The evacuation from the Crimea that produced these fugitives in late 1920 was one of the last pages of a horrific story, for as it convulsed Russia and inundated Europe, the Russian Revolution also sent successive waves of terrified refugees down the Bosporus. A few Russians had fled to Constantinople immediately after the fall of the Aleksandr Kerensky government in late 1917. Then, in the spring of 1919, as successive evacuations of Odessa by French and Russian troops had pushed thousands of refugees into the Crimea, some vessels had steamed farther south.5 In April of that year, before traveling on to Hadjin, relief worker Alice Clark had written home about seeing ships carrying thousands of Russians in Constantinople’s harbor. Many of these Russians were newly impoverished aristocrats.6
For some time afterward, White Russian forces headed by General Anton Denikin fought back against the Reds, but a series of disasters broke Denikin’s army. In February of 1920, the wing of the White army under General Schilling fell back on Odessa again and began evacuating its troops on ships steaming toward Constantinople, resulting in yet another panic.7 In the harbor at Odessa were the American destroyer Talbot and later the Biddle, one of which was carrying Lieutenant Commander Hamilton Bryan, the representative of the U.S. high commissioner to Turkey, Rear Admiral Mark L. Bristol.8 Bryan watched as snipers fired at the crowds on the docks from nearby houses and then as mobs rushed the Russian transports. Seamen aboard one of these Russian vessels, itself already filled to the gunwales, used machine guns to drive off additional maddened hundreds.9
Moved by the people’s desperation and incensed at seeing a Greek destroyer hoist a piano aboard instead of evacuees, Bryan commandeered the American merchant ship Navahoe, which happened to be in port, and filled it with hundreds of Russians, one of whom was future Broadway composer Vernon Duke, then known as Vladimir Dukelsky.10 Bryan had all these people taken down to Constantinople. The commander’s action earned the admiral’s ire, for Bryan had no authority to take control of the merchant vessel, and Bristol would talk of taking the costs out of Bryan’s pay.11 Eventually, however, the admiral got the Red Cross to underwrite the Navahoe’s expenses, and he settled for dressing Bryan down.

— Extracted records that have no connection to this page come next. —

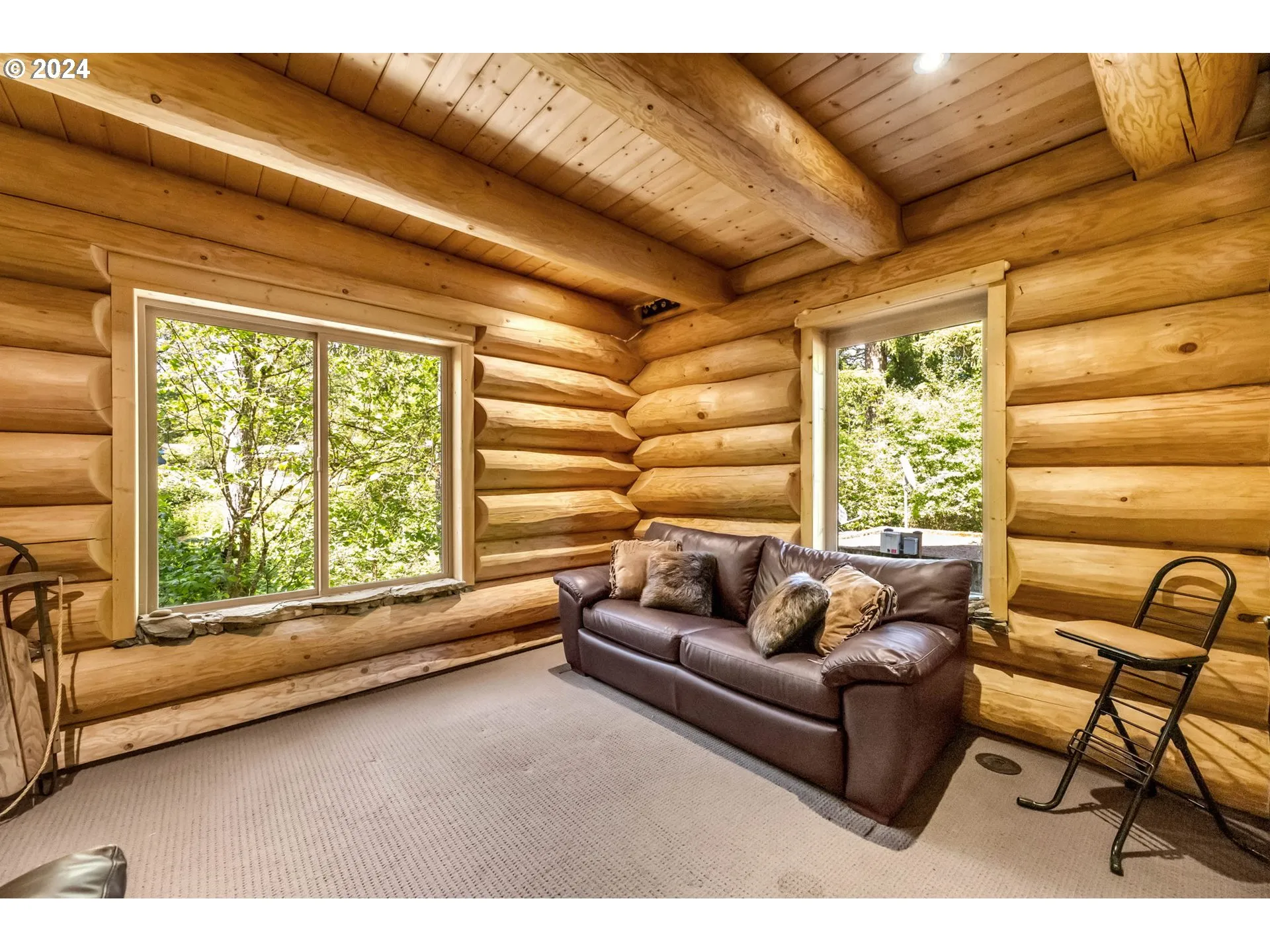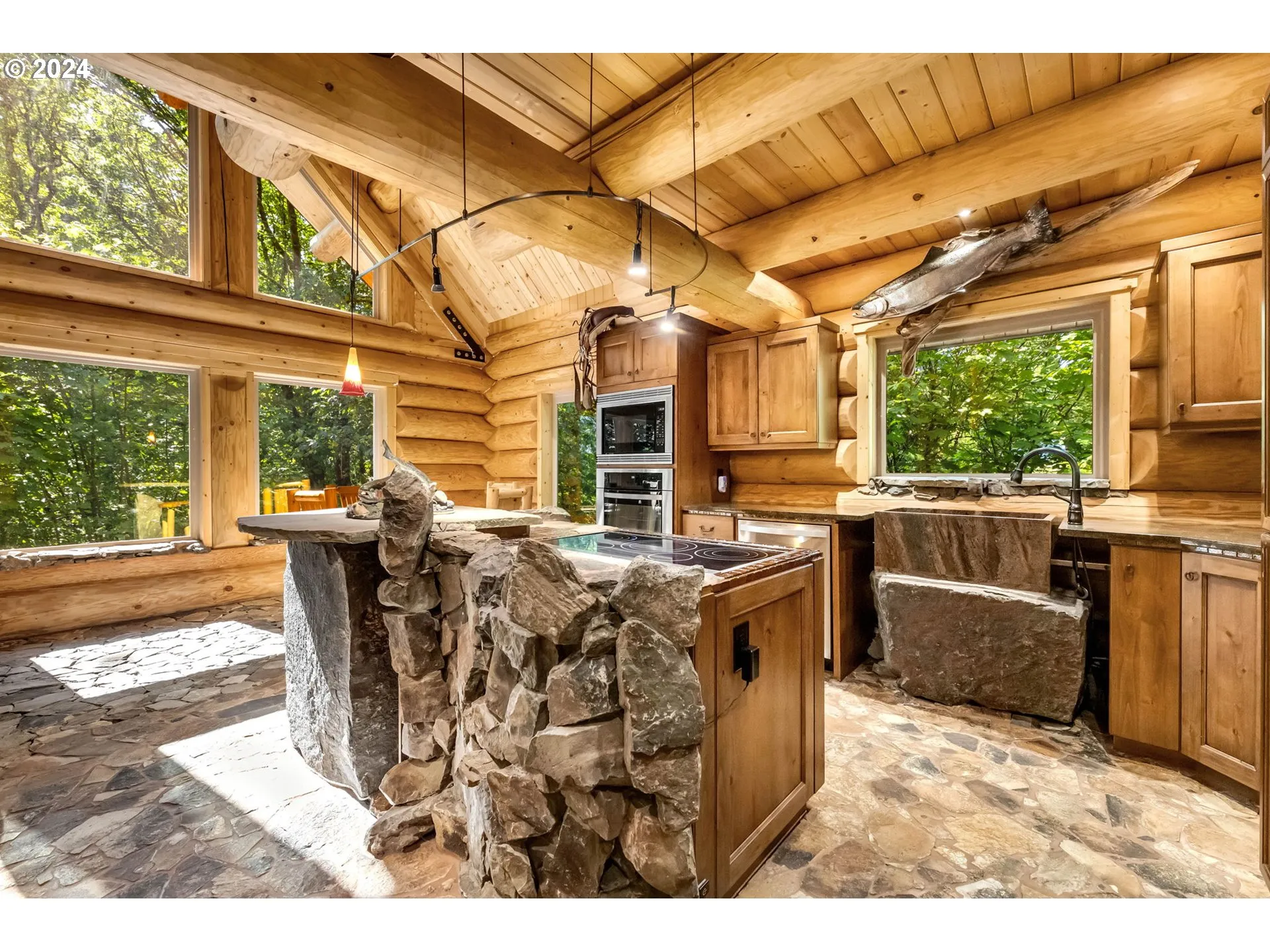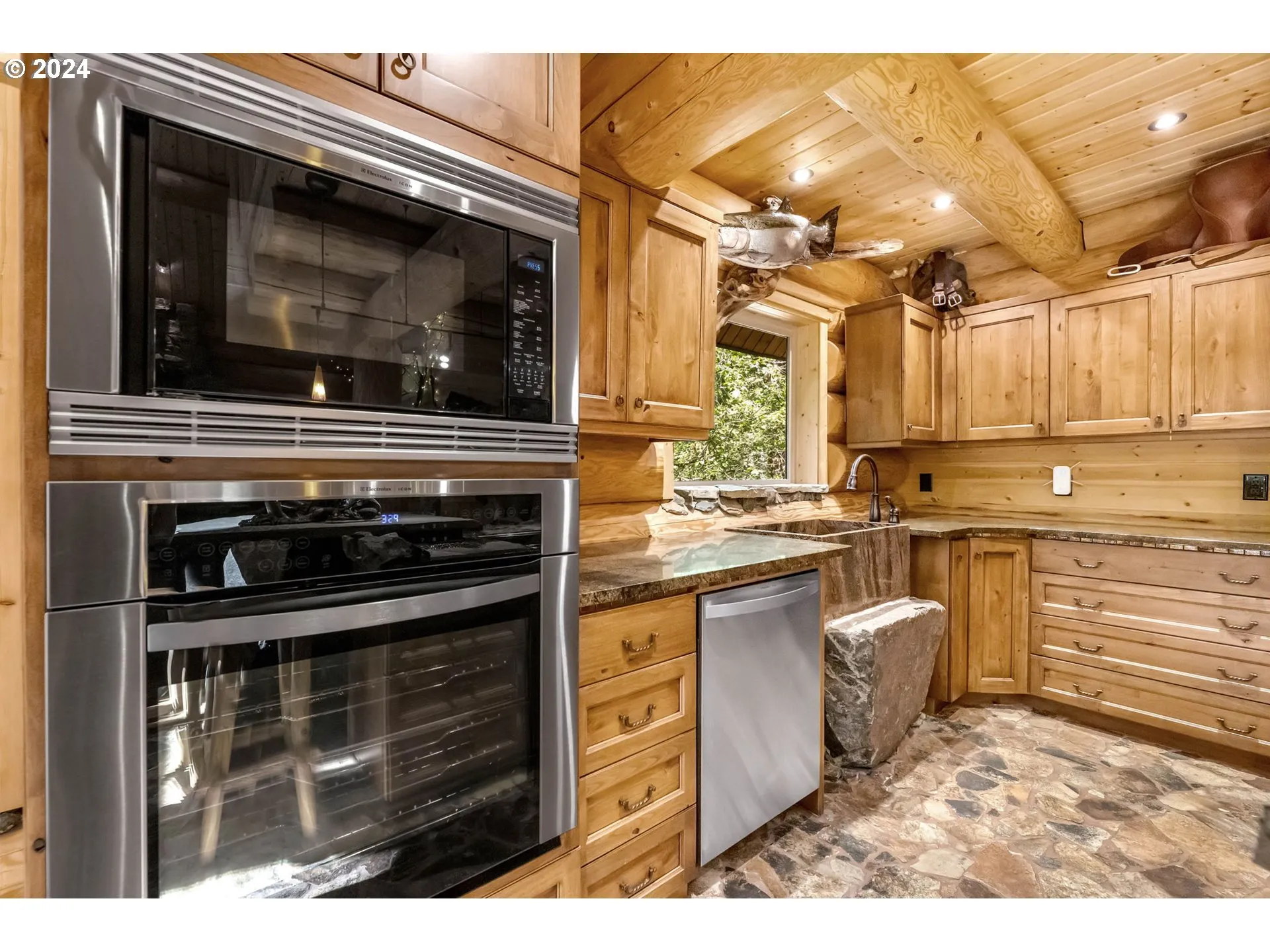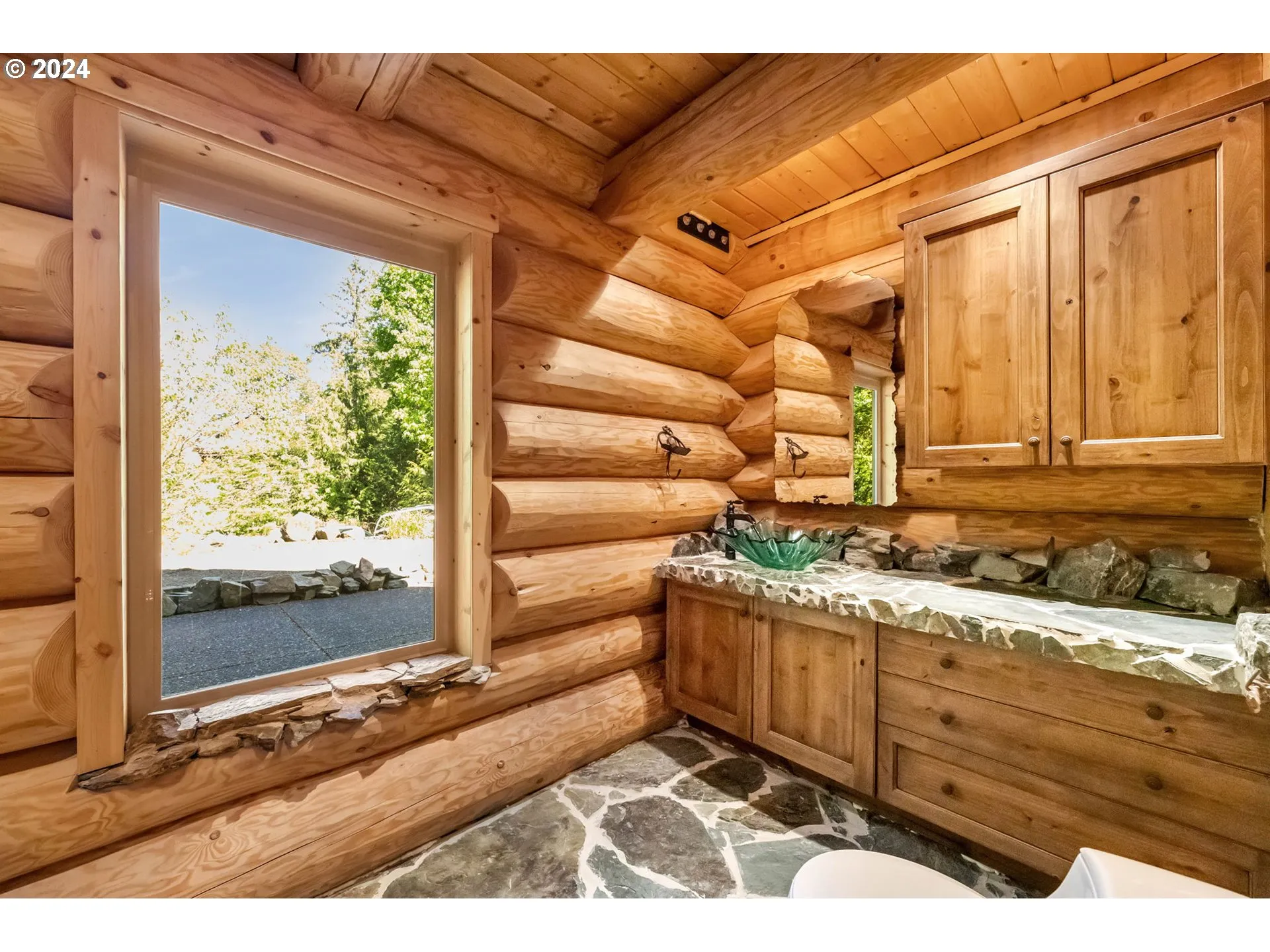 Welcome Home To This Unique And One-of-a-kind Custom Log Home Surrounded By Nature And Peaceful Tranquility. No Expense Was Spared In Creating This Log Home With Vaulted Ceilings, Rock Floors, A Rock Fireplace, And Other Custom Features That Make This Home A Work Of Art. The Great Room And Dining Area Are Vaulted With Large Windows Overlooking The Natural Setting. The Kitchen Has Hayes Alder Cabinets, Built-in Pantry With Pull-outs, Built-in Fridge, Oven, And Microwave. Other Custom Design Features Include A Rock Island With An Induction Cook-top And Bar Seating, Built-in Dining Table, Boulder Pedestal Granite Farm Sink. One Bedroom On The Main Level And A Bathroom With A Unique Rocked Walk-in Shower. Laundry Room With Washer, Dryer, And Sink. Large Vaulted Bedroom On Upper Level With A Walk-in Closet, Custom Built-ins And An Abundance Of Windows. A Spacious Loft Area Rounds Out The Upper Level. Property Is Easy Maintenance With Protected Greenspace Around It. Located To La Center Or Battle Ground And Easy To Get To Freeways. Priced Below Tax-assessed Value. A Very Special Property.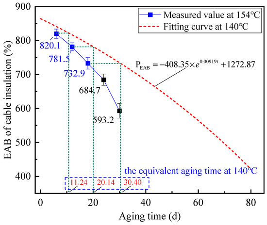 The multiplicative shift factors deduced based on the TTSP are 1.873, 1.678 and 1.689 when the aging time is 6 d, 12 d and 18 d, respectively. The standard deviation of these three data points is 0.089, demonstrating the stability of the proposed method for converting the aging trends at various temperatures. Then, the average value was further calculated and set as the final multiplicative shift factor at the aging temperature of 154 °C, which was 1.747. On this basis, combined with the prediction equation for the aging trend at 140 °C in Equation (10), the EAB of aged cable insulation with the aging time of 24 d and 30 d at 154 °C can be respectively deduced and predicted, as shown in Table 2.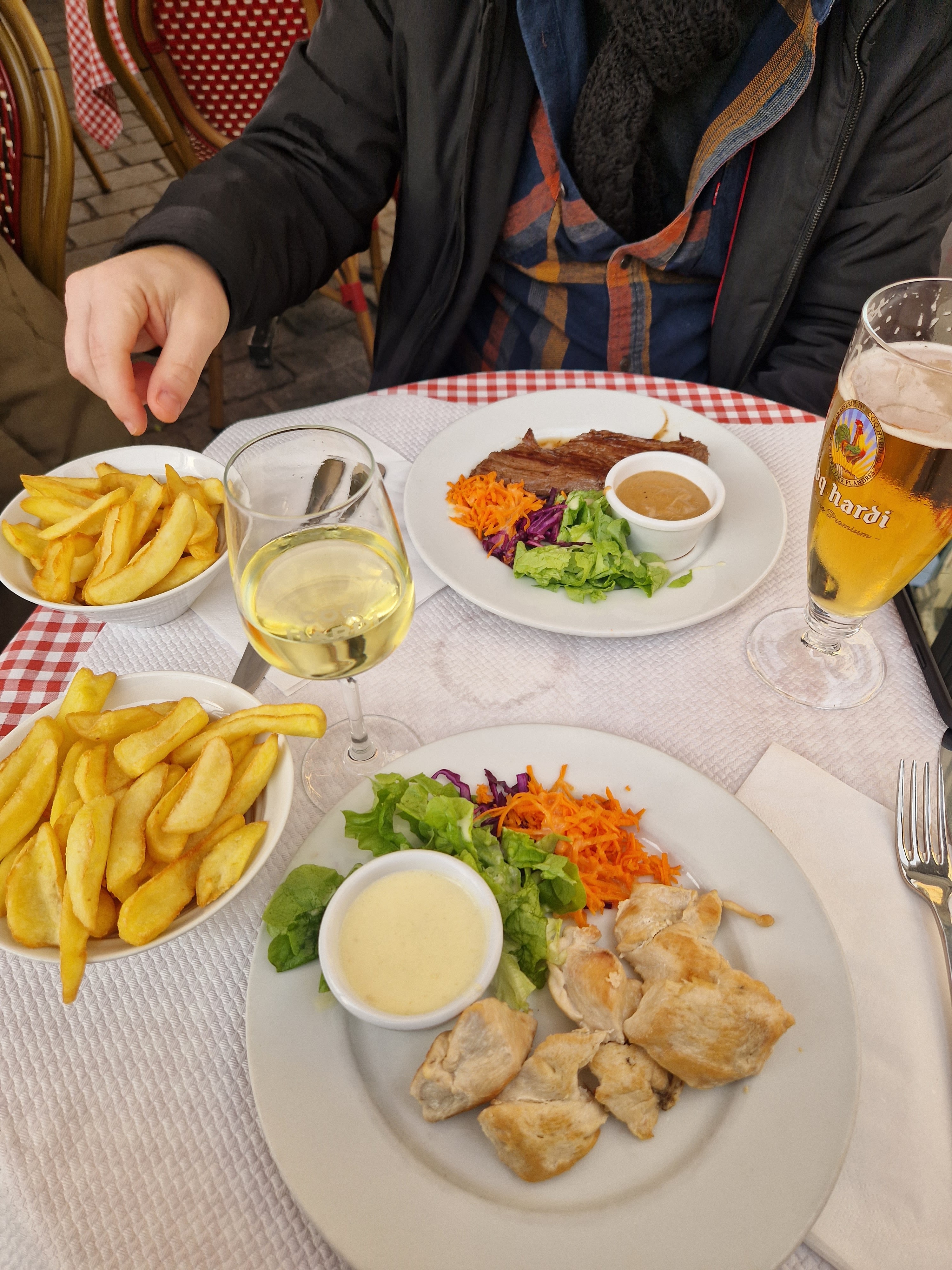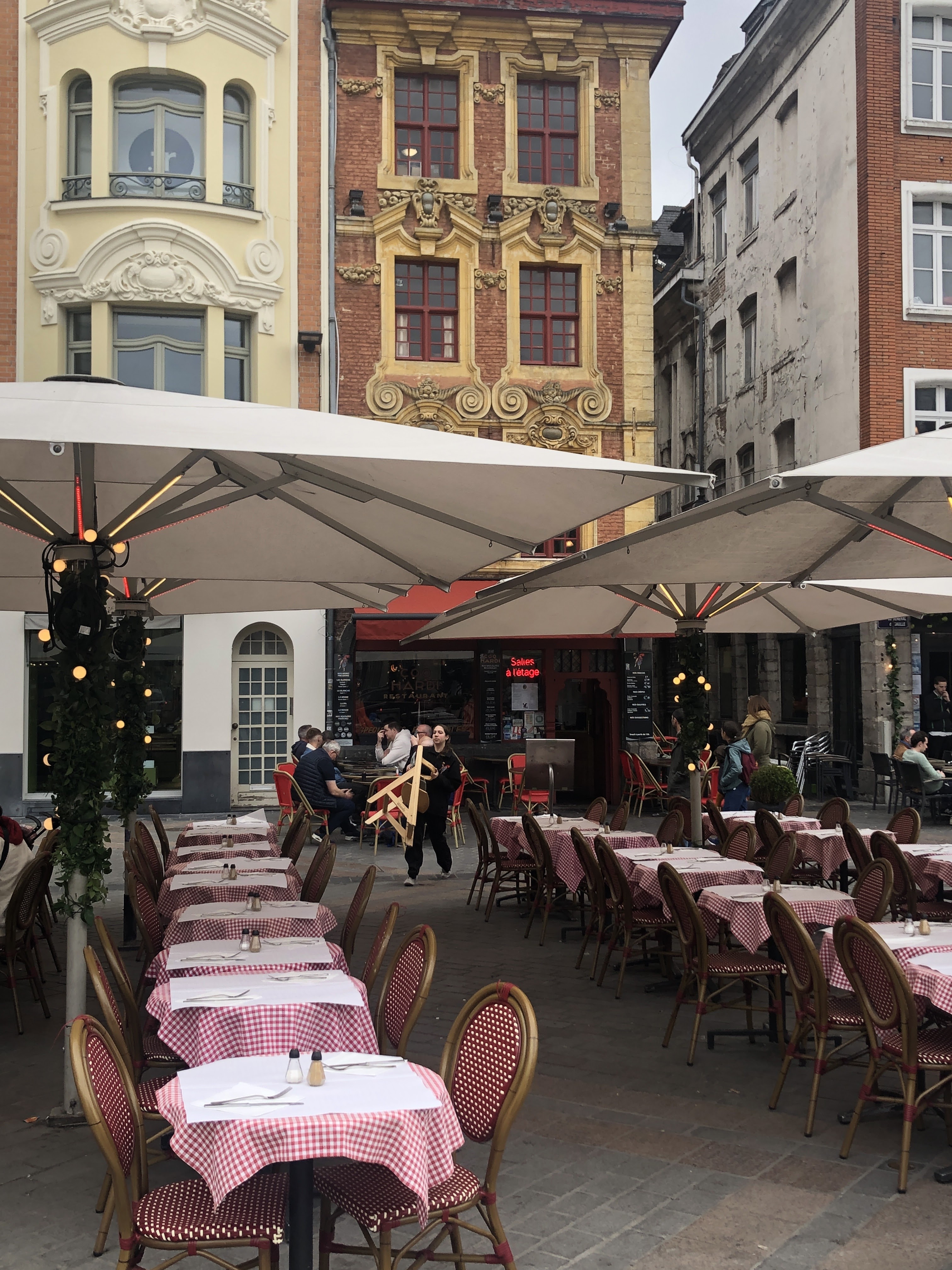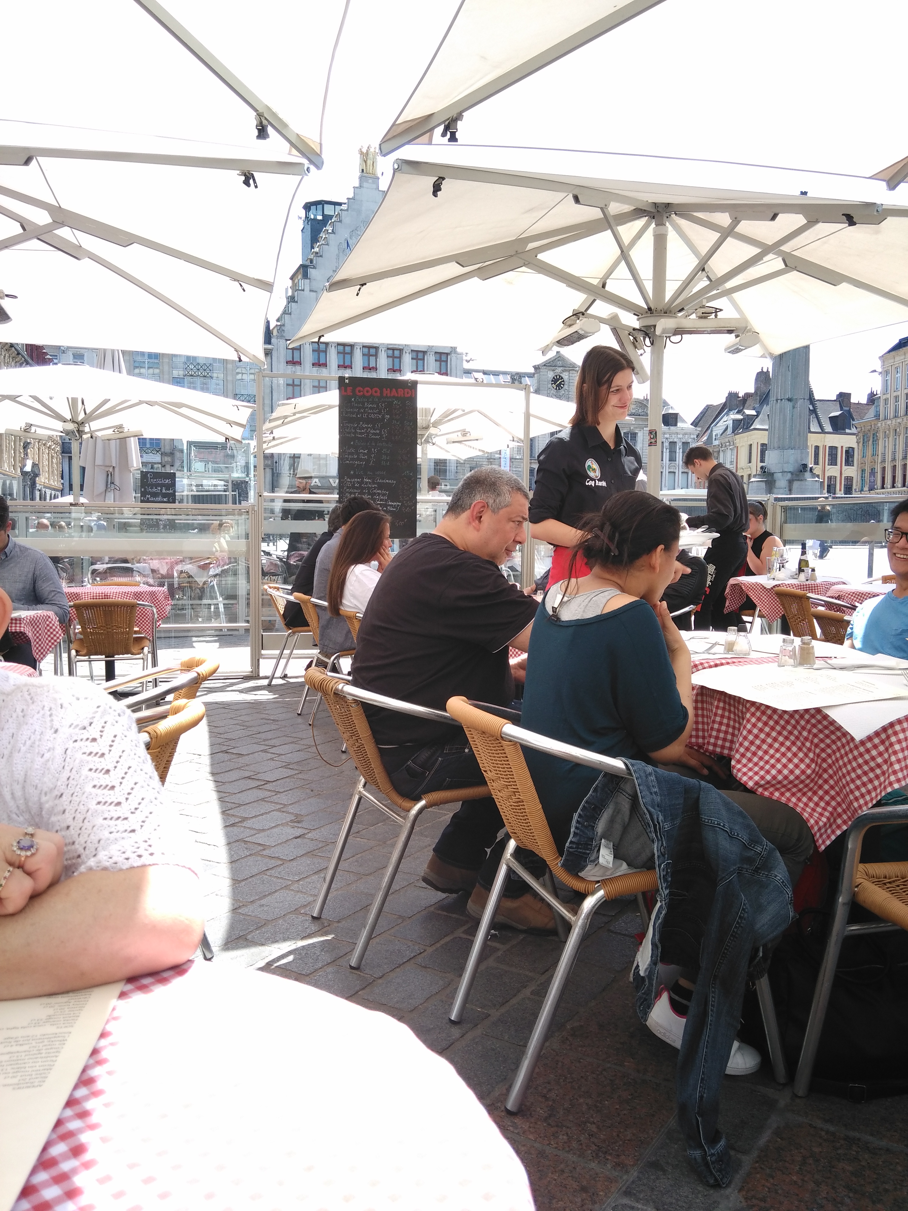 J'ai déjeuné en extérieur malgré une météo mitigée avec quelques giboulées de mars et un vent léger. On apprécie l'efficacité des pare-vent et parasols qui sont de qualité. Le serveur était très agréable et le service assez rapide malgré le monde. La qualité du repas était bonne mais le poids de la pièce de bœuf un peu limite à mon goût. Manger sur la place reste un plaisir. Vous pourrez déguster la bière du coq Hardi sur place et bien d'autres. A la fin du repas, vous êtes au coeur de Lille pour visiter le vieux Lille et ses environs. Je recommande cet endroit ++

According to Duke’s memoir, the scene at the port of Odessa had been worthy of Hogarth or Doré: “Literally thousands of frenzied citizens pushed and kicked madly, all codes of decency abandoned, with men fighting women, lost children howling in a maze of luggage, bundles, and even furniture.”12 When the ships began to steam out of Odessa’s harbor, the crowds left behind went down on their knees in their great distress.13 It was to no avail: thousands were left behind. These ships eventually deposited some 10,000 refugees in Constantinople, though en route they first had to weather a terrific blizzard in the Black Sea.14 Of one such evacuation, American naval officer John Waller told his son, “It was heart-breaking. We bodily had to throw them off the ship; they were hanging on the lifelines. We would have lost them during high seas.”15
The White Russian army fought on. Serving with that army as an observer was American Rear Admiral Newton McCully. McCully had served two significant naval tours in Russia, first as a mid-grade officer observing the Russo-Japanese War in 1904, and later in 1914, when he was assigned as naval attaché at St. Petersburg. By 1916 he could speak Russian and had become a perceptive observer of events.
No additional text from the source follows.